Last summer’s wildfires in the Telegraph Creek area have triggered the Regional District of Kitimat-Stikine (RDKS) and Emergency Support Services (ESS) to re-examine mass evacuation plans and strategies. It’s typically expected the volunteer-based service provides response assistance for 72 hours following an emergency.
However, ESS ended up providing care throughout the district for five months last year, and the coordinator is concerned this may become the norm.
“It was a challenge because we never experienced anything to this magnitude in our region before… the last five months of 2018 was just insane for us,” says Naomi Gourlay, ESS program coordinator. “We’re all trying to regroup and come up with plans so that we can prepare for the flood and wildfire season that will be upon us before we know it.”
The wildfires of 2018 have been noted as the worst fire season on B.C. record, burning close to 13,000 sq. km of forest. More than 1,200 sq. km burned in the Telegraph Creek area. “The Tahltan Nation itself incurred the worst structural damage caused by wildfires of any First Nations community in recorded Canadian history,” said Indigenous Services Minister Jane Philpott, during a November visit to the area.
It wasn’t until Dec. 21 when evacuees finally began returning home that ESS was able to pull back. Gourlay says it’s been tough to plan ahead after spending so much time in response. Moving forward now, they would like to facilitate more regional and provincial discussion and collaborations.
Under the province’s Emergency Program Act, the local and regional authority “may implement all procedures that it considers necessary to prevent, respond or alleviate the effects of an emergency or disaster”. This includes utilizing its emergency plan of which ESS is a key component.

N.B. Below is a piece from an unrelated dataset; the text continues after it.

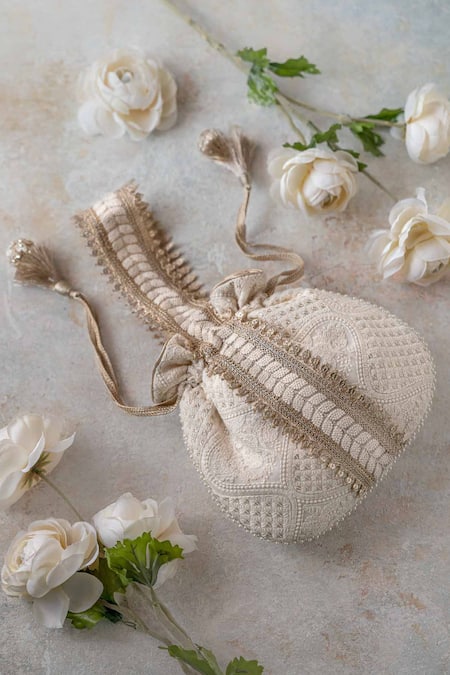 White potli bag featuring all-over embroidery, embellished beads, and handmade tassels

Gourlay says that they had about 40 volunteers working around the clock in reception centres established in Terrace, Dease Lake and Iskut. They logged about 1,700 responder hours from the beginning of August. EMBC provided support by deploying mobile support teams from other parts of B.C.
The current volunteer-based ESS model is ready to handle level one and two emergencies — but the mass evacuations that took place across the Northwest were considered a level three response.
ESS with the RDKS is now evaluating what needs to be done to ensure they’re prepared for the next call, including developing strategies and examining ongoing capacities to deal with future evacuations.
Emotional support has been in place and will continue for both evacuees and ESS volunteers who have been deeply affected by the accounts of grief and loss.
“You can imagine that you’re dealing with people who have gone through a lot of trauma and how that can impact you as well, we have to think of that,” says Gourlay.
ESS’ operations are managed through the RDKS, with support from the City of Terrace.
Emergency Management BC (EMBC) covers the referral costs provided by ESS to evacuees. Over $1.7 million in referral was given out in terms of food, clothing and accommodation.
Throughout the year, ESS must establish relationships in the region with organizations, plus restaurant, store and hotel owners, to have signed agreements for their services and participation during emergencies. Local businesses are then reimbursed by EMBC.
At one point during last summer though, hotels in Terrace and Dease Lake were at capacity.
Gourlay says they have a stockpile of 250 cots and 500 blankets in storage in case they need to turn to group lodging as an option. This would mean setting up rows of beds in a mass space such as churches, schools and sports facilities. This has never been done before, but it’s likely to be used if regional disasters continue to grow in scale.
“We want to avoid opening up group lodging, as it would be a lot of work and resources. And with volunteers, it would be difficult to ask them to step up to that,” says Gourlay. “It’s going to require more creativity, working together hand-in-hand with the province.”
She says with the RDKS being such a large district in B.C., they face many unique challenges than their counterparts further south, with needs that must be addressed in upcoming discussions.
As part of their recovery process, the Tahltan/RDKS recovery manager has been contacting residents affected by the regional disaster to follow up on how they’re doing after the evacuations.
The Red Cross visited the area to conduct a second round of interviews in Terrace on Jan. 14 and 15, then Dease Lake and Telegraph Creek the week of Jan. 21.
“We also have to be mindful that there were other people involved beyond the community members of Telegraph Creek. The surrounding areas were also impacted and there’s a lot of residents there as well,” says Gourlay.
“Knowing one another really helps a lot in these small towns… We need to make it a priority to have these discussions in advance so we can consolidate all of our plans with a better understanding of what we need to do.”